──────── INPUT MATERIAL ────────
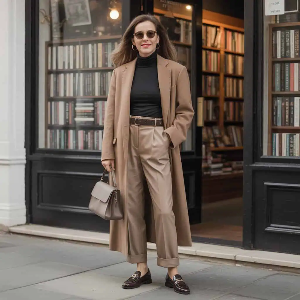A well-structured leather bag is a timeless investment that can instantly elevate any outfit. The clean lines and refined silhouette of a leather tote provide sophistication and practicality—a perfect combination for women who appreciate style and functionality. A structured bag not only grounds your look but also balances out more relaxed pieces, like a draped cardigan or wide-leg trousers. Opting for warm, deep hues like brown, navy, or even forest green adds a classic touch that’s perfect for the season. This accessory not only carries your essentials with ease but becomes a statement piece that reflects your polished style and mature sensibility.
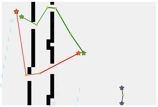 A routing space is depicted in Figure 16 with several obstacles. The routing space is a rectangular area measuring 400 * 300 mm2. The obstacles are represented by black rectangles. The red and green stars indicate the starting and ending points of the pipe. The evaluation function factors are as follows: , , , and the minimum length requirement is set to . The pipe material is 0cr18ni9 with a radius of 20 mm and a wall thickness of 0.2 mm. The natural frequency surrogate model factors are , , and . The number of the initial population is 5. The blue line represents the path of pipe. Additionally, the yellow dots indicate the specific positions along its route where the pipe should be supported.
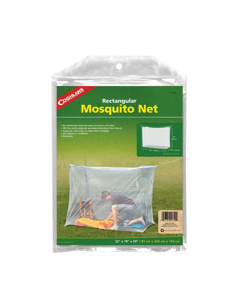 Mosquito Net Single är ett rektangulärt myggnät från Coghlan's som passar över en sovsäck eller tältsäng. 180 polyester mesh ser till att hålla alla småkryp borta. Kan hängas upp mellan några träd, eller fästas vid insidan av ett tält.
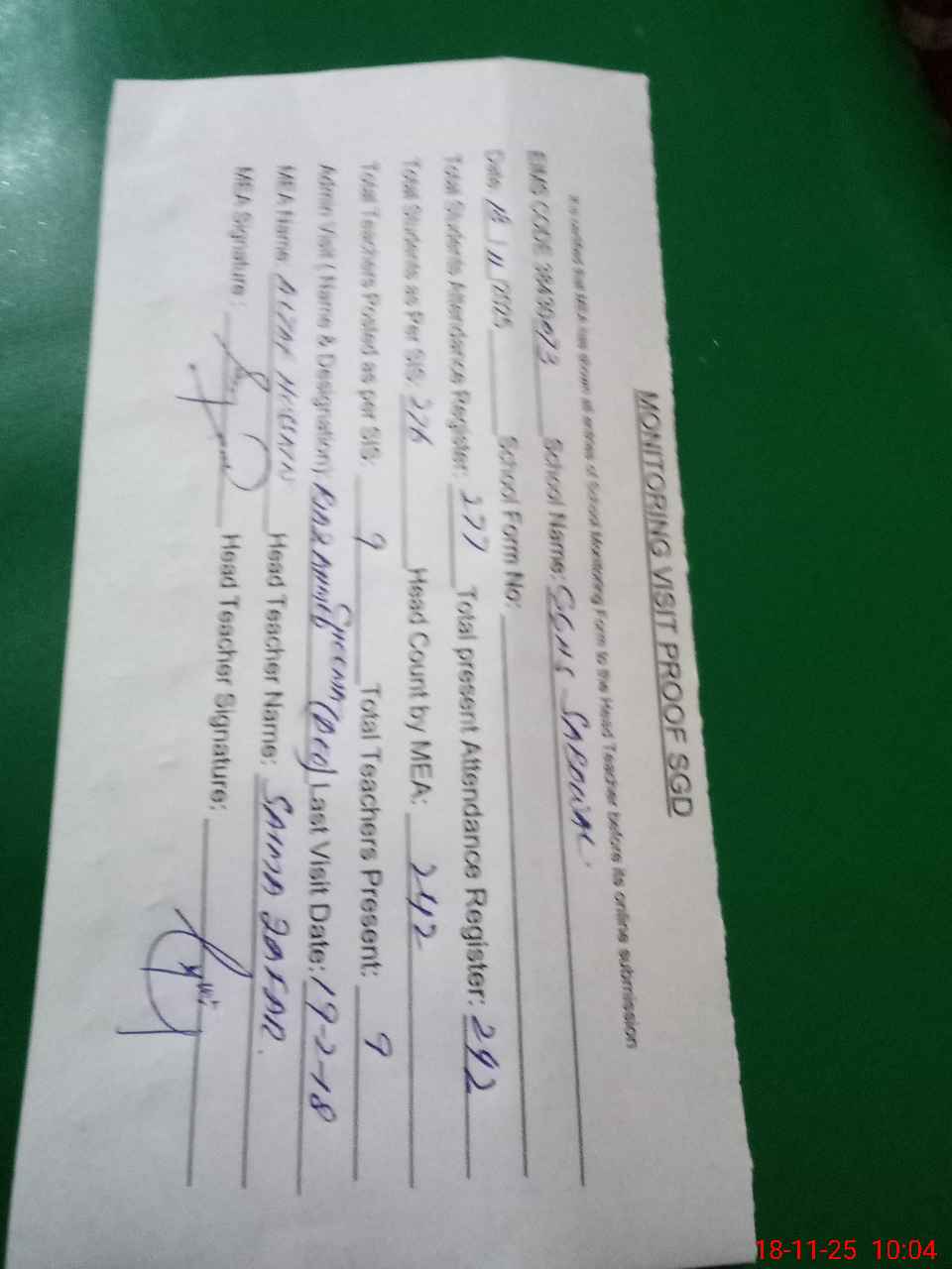 | Attendance Register | Head Teacher | MEA with School | Visit Proof |
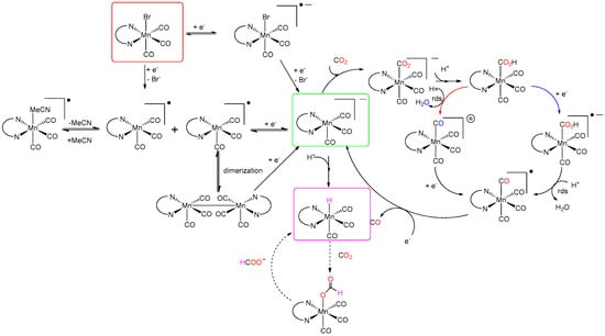 In 2011, Deronzier et al. [34] replaced Re with the cheaper and more abundant fac-Mn(bpy)(CO)3Br. The electrochemical mechanism of Mn(bpy)(CO)3Br has been extensively studied [34,35,36,37,38,39,40]. The proposed mechanism in a homogeneous solution is shown in Scheme 1. From the depicted mechanism, it is clear that Mn requires addition of external proton sources to activate catalysis. Once CO2 binds the metal center of the five coordinate species [Mn(bpy)(CO)3]−, a sequence of protonation and reduction steps occurs. Two possible catalytic pathways focused on the different sequences of the reduction/protonation steps for evolution of the abovementioned metal carboxylic adduct have been proposed. The protonation-first pathway starts with heterolytic C–OH bond cleavage of the [Mn(bpy)(COOH)] species facilitated by a proton donor leading to the formation of H2O and [Mn(bpy)(CO)4]+, which is further reduced to generate [Mn(bpy)(CO)4]●. In contrast, the reduction-first pathway proceeds with reduction of [Mn(bpy)(COOH)] followed by heterolytic C–OH bond cleavage, which yields H2O and the common [Mn(bpy)(CO)4]● intermediate. Stepwise or concerted one-electron reduction and CO evolution steps complete the catalytic cycle, regenerating the active catalyst. Notably, Scheme 1 also indicates the possible formation of the Mn hydride species, which is considered to be the main intermediate for formate release through the formation of the formato complex (MnO(CO)H). New mechanistic insights have been provided by Daasbjerg and co-workers [41]. They found that the dimer complex, Mn2(bpy)2(CO)6, is not, as is often assumed, formed by dimerization of the singly reduced manganese complex, [Mn(bpy)(CO)3]●, but that it is instead produced from its reduction to [Mn(bpy)(CO)3]−. The formation of the dimer by this parent–child reaction can be suppressed by employing bulky ligands or immobilize Mn(bpy)(CO)3Br on surfaces.
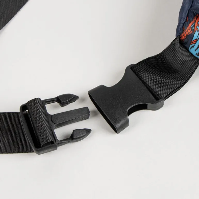 Descubre la riñonera Spiderman, un complemento imprescindible para los amantes del universo Marvel. Fabricada en un elegante color azul oscuro, esta riñonera está adornada con un atractivo estampado del icónico superhéroe Spiderman, destacando su estilo dinámico y audaz.
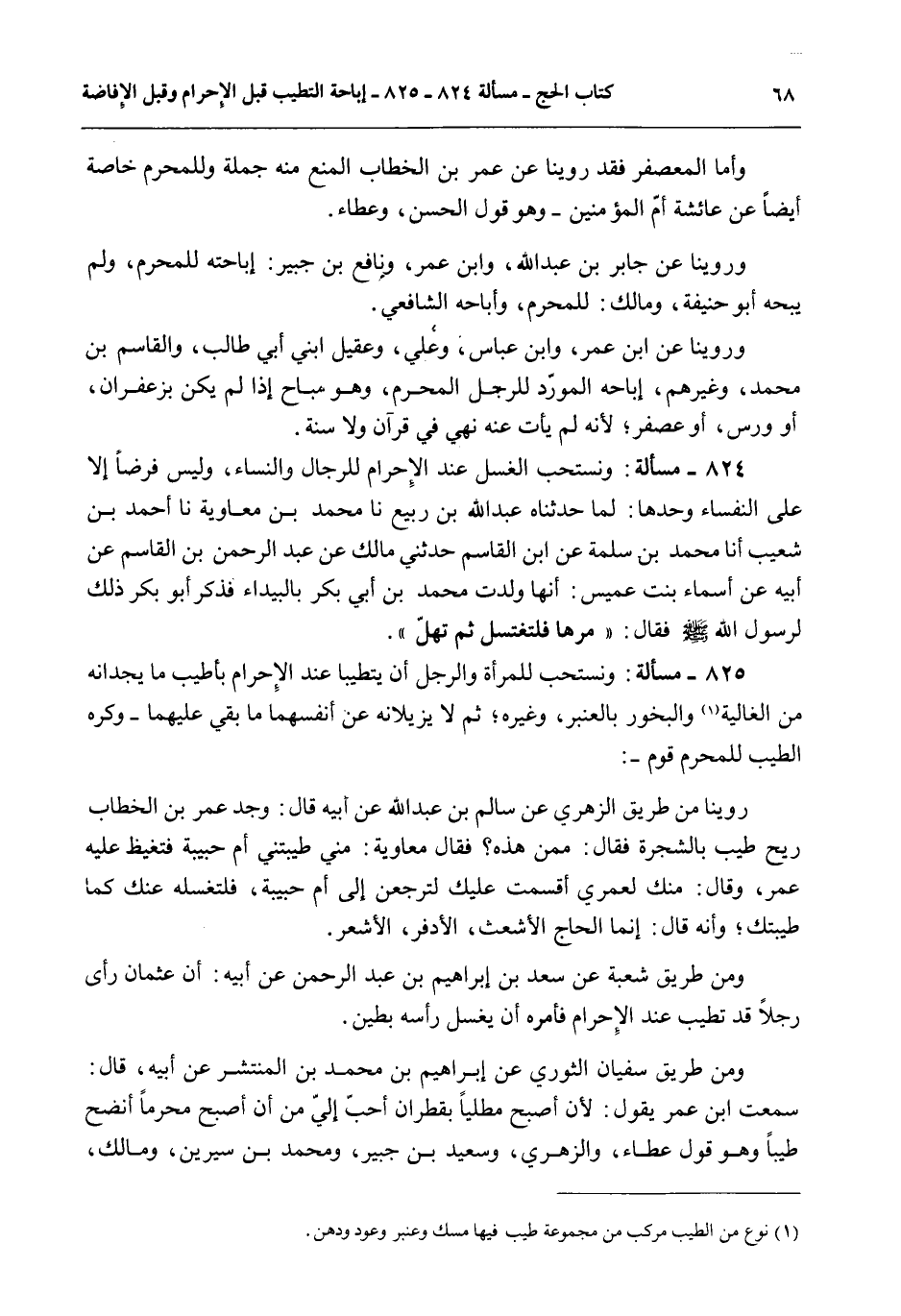 وَنَسْتَحِبُّ لِلْمَرْأَةِ وَالرَّجُلِ أَنْ يَتَطَيَّبَا عِنْدَ الْإِحْرَامِ بِأَطْيَبَ مَا يَجِدَانِهِ مِنْ الْغَالِيَةِ وَالْبَخُورِ بِالْعَنْبَرِ، وَغَيْرِهِ؛ ثُمَّ لَا يُزِيلَانِهِ عَنْ أَنْفُسِهِمَا مَا بَقِيَ عَلَيْهِمَا - وَكُرِهَ الطِّيبُ لِلْمُحْرِمِ قَوْمٌ -: رُوِّينَا مِنْ طَرِيقِ الزُّهْرِيِّ عَنْ سَالِمِ بْنِ عَبْدِ اللَّهِ عَنْ أَبِيهِ قَالَ: وَجَدَ عُمَرُ بْنُ الْخَطَّابِ رِيحَ طِيبٍ بِالشَّجَرَةِ فَقَالَ: مِمَّنْ هَذِهِ؟ فَقَالَ مُعَاوِيَةُ: مِنِّي طَيَّبَتْنِي أُمُّ حَبِيبَةَ فَتَغَيَّظَ عَلَيْهِ عُمَرُ، وَقَالَ: مِنْك لَعَمْرِي أَقْسَمْت عَلَيْك لَتَرْجِعَن إلَى أُمِّ حَبِيبَةَ، فَلْتَغْسِلْهُ عَنْك كَمَا طَيَّبَتْكَ؛ وَأَنَّهُ قَالَ: إنَّمَا الْحَاجُّ الْأَشْعَثُ، الْأَدْفَرُ، الْأَشْعَرُ.
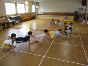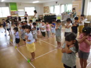 運動会に向けて、練習をしました。皆で朝のお集まりをした後、各クラスの演技を見せ合いっこしました。
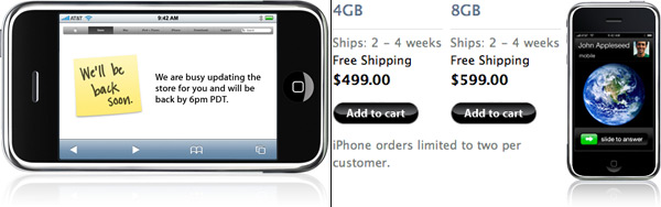Aggiornamento del 30/06/2007: sono da poco trascorse le 3 di notte e l'Apple Store online, dopo un discreto periodo di chiusura in attesa delle ore 18 sulla costa ovest degli Stati Uniti, come promesso, ha riaperto i battenti ed ha messo in vendita iPhone ed accessori. Tutto ordinabile subito (al massimo due iPhone per cliente, anche online) ma i prodotti verranno consegnati tra 2 o 4 settimane. L'iPhone da 4 GB è qui, quello da 8 GB qui. L'affollamento dei server è stato visibile con un discreto rallentamento delle pagine e, tra le 3:07 e le 3:08, addirittura l'Apple Store è andato in tilt, mostrando solo l'errore "Http/1.1 Service Unavailable".
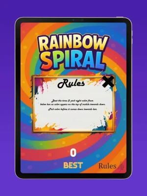 With every point you score, the spiral speeds up, the colors come quicker, and your focus is put to the ultimate test. Perfect for fans of reflex and reaction-based games, Rainbow Spiral delivers a vibrant challenge you won’t want to put down.
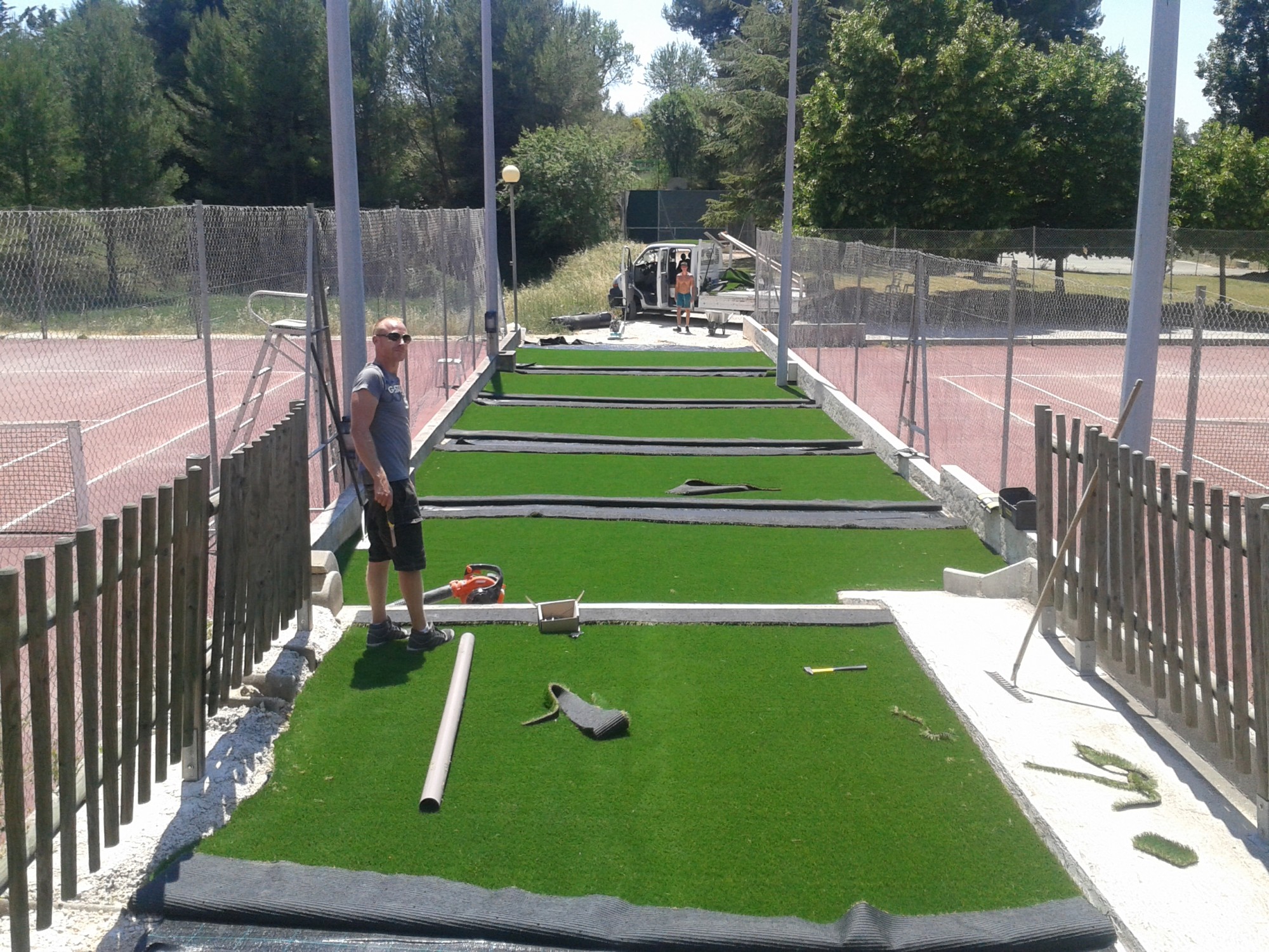 Pose de 500 m² de gazon synthétique dans un tennis club à Allauch entre Aubagne et Marseille. Univers Gazons a réalisé la pose d’environ 500 m² de gazon synthétique à mémoire de forme.
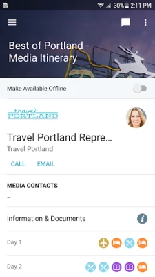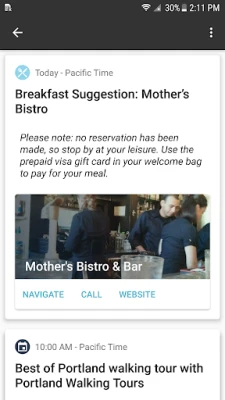 En av de fremste fordelene med din reisefølge er at den opererer helt uten behov for internett eller mobildata. Dette betyr at alle dine planer, fra frokost til kveldsarrangementer, er sikre og tilgjengelige uansett hvor i Portland du befinner deg. Hver eneste begivenhet er presentert i et elegant og lettlest format, komplett med detaljerte beskrivelser og eventuelle spesielle instruksjoner. Få en rask oversikt over dagens program eller dykk ned i spesifikke arrangementer med alt du trenger å vite, rett ved fingertuppene.
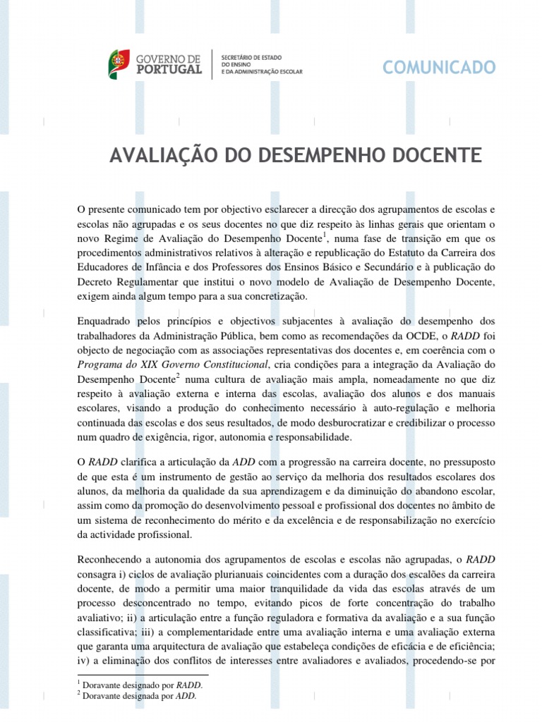 O presente comunicado tem por objectivo esclarecer a direco dos agrupamentos de escolas e escolas no agrupadas e os seus docentes no que diz respeito s linhas gerais que orientam o novo Regime de Avaliao do Desempenho Docente1, numa fase de transio em que os procedimentos administrativos relativos alterao e republicao do Estatuto da Carreira dos Educadores de Infncia e dos Professores dos Ensinos Bsico e Secundrio e publicao do Decreto Regulamentar que institui o novo modelo de Avaliao de Desempenho Docente, exigem ainda algum tempo para a sua concretizao. Enquadrado pelos princpios e objectivos subjacentes avaliao do desempenho dos trabalhadores da Administrao Pblica, bem como as recomendaes da OCDE, o RADD foi objecto de negociao com as associaes representativas dos docentes e, em coerncia com o Programa do XIX Governo Constitucional, cria condies para a integrao da Avaliao do Desempenho Docente2 numa cultura de avaliao mais ampla, nomeadamente no que diz respeito avaliao externa e interna das escolas, avaliao dos alunos e dos manuais escolares, visando a produo do conhecimento necessrio auto-regulao e melhoria continuada das escolas e dos seus resultados, de modo desburocratizar e credibilizar o processo num quadro de exigncia, rigor, autonomia e responsabilidade. O RADD clarifica a articulao da ADD com a progresso na carreira docente, no pressuposto de que esta um instrumento de gesto ao servio da melhoria dos resultados escolares dos alunos, da melhoria da qualidade da sua aprendizagem e da diminuio do abandono escolar, assim como da promoo do desenvolvimento pessoal e profissional dos docentes no mbito de um sistema de reconhecimento do mrito e da excelncia e de responsabilizao no exerccio da actividade profissional. Reconhecendo a autonomia dos agrupamentos de escolas e escolas no agrupadas, o RADD consagra i) ciclos de avaliao plurianuais coincidentes com a durao dos escales da carreira docente, de modo a permitir uma maior tranquilidade da vida das escolas atravs de um processo desconcentrado no tempo, evitando picos de forte concentrao do trabalho avaliativo; ii) a articulao entre a funo reguladora e formativa da avaliao e a sua funo classificativa; iii) a complementaridade entre uma avaliao interna e uma avaliao externa que garanta uma arquitectura de avaliao que estabelea condies de eficcia e de eficincia; iv) a eliminao dos conflitos de interesses entre avaliadores e avaliados, procedendo-se por
────────
- **ASSIGNED TASK**: Of the records above, print only the lines from the one containing "وَنَسْتَحِبُّ لِلْمَرْأَةِ وَالرَّجُلِ" through the one containing "運動会に向けて、練習をしまし", inclusive and unaltered, leaving out pictures.

- **WRITTEN RESPONSE**:
 وَنَسْتَحِبُّ لِلْمَرْأَةِ وَالرَّجُلِ أَنْ يَتَطَيَّبَا عِنْدَ الْإِحْرَامِ بِأَطْيَبَ مَا يَجِدَانِهِ مِنْ الْغَالِيَةِ وَالْبَخُورِ بِالْعَنْبَرِ، وَغَيْرِهِ؛ ثُمَّ لَا يُزِيلَانِهِ عَنْ أَنْفُسِهِمَا مَا بَقِيَ عَلَيْهِمَا - وَكُرِهَ الطِّيبُ لِلْمُحْرِمِ قَوْمٌ -: رُوِّينَا مِنْ طَرِيقِ الزُّهْرِيِّ عَنْ سَالِمِ بْنِ عَبْدِ اللَّهِ عَنْ أَبِيهِ قَالَ: وَجَدَ عُمَرُ بْنُ الْخَطَّابِ رِيحَ طِيبٍ بِالشَّجَرَةِ فَقَالَ: مِمَّنْ هَذِهِ؟ فَقَالَ مُعَاوِيَةُ: مِنِّي طَيَّبَتْنِي أُمُّ حَبِيبَةَ فَتَغَيَّظَ عَلَيْهِ عُمَرُ، وَقَالَ: مِنْك لَعَمْرِي أَقْسَمْت عَلَيْك لَتَرْجِعَن إلَى أُمِّ حَبِيبَةَ، فَلْتَغْسِلْهُ عَنْك كَمَا طَيَّبَتْكَ؛ وَأَنَّهُ قَالَ: إنَّمَا الْحَاجُّ الْأَشْعَثُ، الْأَدْفَرُ، الْأَشْعَرُ.
 運動会に向けて、練習をしました。皆で朝のお集まりをした後、各クラスの演技を見せ合いっこしました。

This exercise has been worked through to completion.